Tant qu’il y aura les désirs, nos cœurs troqueront leurs rides
Contre des joues sur lesquelles coulent des larmes encore lisses.
Tant qu’il y aura des larmes pour diluer nos tourments,
Il y aura l’oubli pour blanchir le fond de nos mémoires.
Alors aussi, il y aura la pluie et la graine en oubliera sa déprime.
Tant qu’il y aura la graine, notre terre en sera verte. Sur cette terre,
Il y aura la danse des corps qui font naître l’amour. Avec l’amour,
Suivra la transe qui assèche la lèvre. Pour assouplir cette lèvre,
Les mares glisseront hors de leurs lits. Et sur ces mares, flotteront
Nénuphars et grenouilles. Aussi longtemps que ces grenouilles
Resteront accroupies dans nos contes nocturnes, il y aura des rêves
A poings fermés et des princesses qu’on épie.
Tant qu’il y aura des Princesses, il y aura des Palais où se vautrent
Des bedaines qui s’enflent comme des corps qu’il faudra garder.
Tant qu’il y aura des corps apeurés, il y aura aussi des cris,
Et des battements de mains, et des doigts qui, en claquant,
Presseront sur les gâchettes. Et tant qu’il y aura des gâchettes pour
Tirer sur les foules à pain, il y aura le gâchis.
Contre le gâchis, marcheront Jeunesse et Justice, témoins
D’une vérité qui fleurit en des matins brillants et limpides
Comme un ciel de lait qui parle bas, un ciel qui parle lourd,
De peur d’éveiller des bébés qu’on dorlote.
Auprès des bébés, il y aura des femmes aux cheveux qui gémissent
Caressés par des hommes aux mains qui durcissent.
Tant qu’il y aura des hommes, il y aura la guerre.
Pour panser les blessures des hommes, des bébés et des femmes,
Il y aura la poésie.
!
8!
La naissance d’un poème
D’abord écho qui harcèle mon oreille gauche, et mes yeux
Et mes doigts. D’abord mélodies égarées, d’abord sons
Qui tiennent à peine debout, d’abord nonchalances aux figures
Décorées de bouts de musique qui s’égarent,
D’abord murmures qu’on entend à peine, d’abord morcelés
De phrases dont bourgeonnent des idées d’une mollesse désossée,
D’abord phrasés qui s'assemblent mal, Tu m’arrives.

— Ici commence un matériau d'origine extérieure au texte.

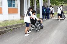 生徒たちはお互いに車いすを押しながら、校内のアスファルトの道や坂道を通行しました。車いすに乗っていると、地面の凹凸や斜面の感じ方がいつもと違います。また、足に力が入りにくい車いす利用者の感覚を知るため、一時的に車いすの上で正座をしてみる体験もありました。「どれくらいの速さで車いすを押せば、乗っている人が安心するか」「坂道を下るときには、乗っている人が安全で、怖くないよう、後ろ向きに降りる」など、実際に体験することで、今まで学んできた知識をより深く理解することができました。

Et puis, tu disparais, soudain !
Et puis, comme un morceau de madeleine mal cuite,
Tu reviens en serpentant des gribouillis dans les recoins
Obscurs de ma tête. Et puis, tu déclenches mes doigts. Et puis
Tu joues de mes cordes buccales, dans des rythmes qui se dansent
Hors de mon corps, hors de ma bouche, hors de ma tête.
Et, de lettres en lettres, de ratures en mots, de phrases en phrases,
Tu rampes, tu marches, tu cours. Et moi, je vogue sur l’encre
Qui flotte et glisse sur la feuille. Et puis tu te démultiplies en sons
purs, en mots impurs, en mots en transe et sans attaches. Et puis,
Tu m’agrippes et m’enfermes dans des espaces inattendus.
Et puis, Déesse Possessive, Charmeuse de Prince ! Tu me bats
En chœur, tu me bats en pieds, farouchement, obsédé-ment!
Et puis, tu t’éclipses quand mes yeux se font noirs
Et mes paupières se font lourdes comme la nuit qui tombe.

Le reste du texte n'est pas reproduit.